11 January 2023, 10am
The war in Ukraine started at 06.00 on 24 February 2022. On that first day all Ukrainians' thoughts, actions and states of mind were fully concentrated on it. Some were fighting, some were dying, some were saving their families, some were starting to prepare their homes and cities for the battle.
I have connections with a lot of running friends in Ukraine. After three days I saw Kharkiv runners appearing in my feed. They were exchanging information on which side of the city the artillery fire was coming from and where not to run. Someone said that he had almost run into the tanks. Some suggested they should run in groups so that they could at least help in cases of wounding. At that time the front line was right beside Kharkiv, at a distance of a rifle shot. The north-eastern part of the city was shelled incessantly. There are 1.5 million people in Kharkiv and a lot of them left the city in the first days of the war as the best way to protect their loved ones. Runners were thinking about that too, but they also thought about running, because they always do – even during war.

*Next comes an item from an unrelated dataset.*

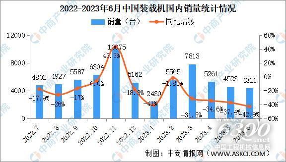 2023年6月銷售各類裝載機8556臺,同比下降25.3%。其中國內市場銷量4321臺,同比下降42.9%;出口銷量4235臺,同比增長8.98%。

In the early days of the war Kyiv had columns of tanks on the approach roads up to 60km long and fierce fighting was taking place. In the feed I saw familiar faces: I had seen them before at the starting corrals, or at the finish line with a medal and a smile on their faces. Now they were the faces of soldiers in uniform with machine guns.
Not all runners joined the army. They were also in the back line ready to defend the city. They did not leave but they had difficulty running. Ordinary people greeted the runners in a half-empty Kyiv sometimes with disapproval, sometimes with bewilderment: “How can you run when we could all die here?” was the unspoken question. Runners complained about this but were already going out for runs in the second week of the war.
When war was sprung upon us I was recovering from coronavirus. I went out for a run on 27 February. I was not afraid of the war, of the shelling, but I anticipated the disapproval of ordinary people so I ran in the woods. After a few days I started running in the city. It seemed to me that the familiar sight of runners in the city should be comforting – the city was living its life.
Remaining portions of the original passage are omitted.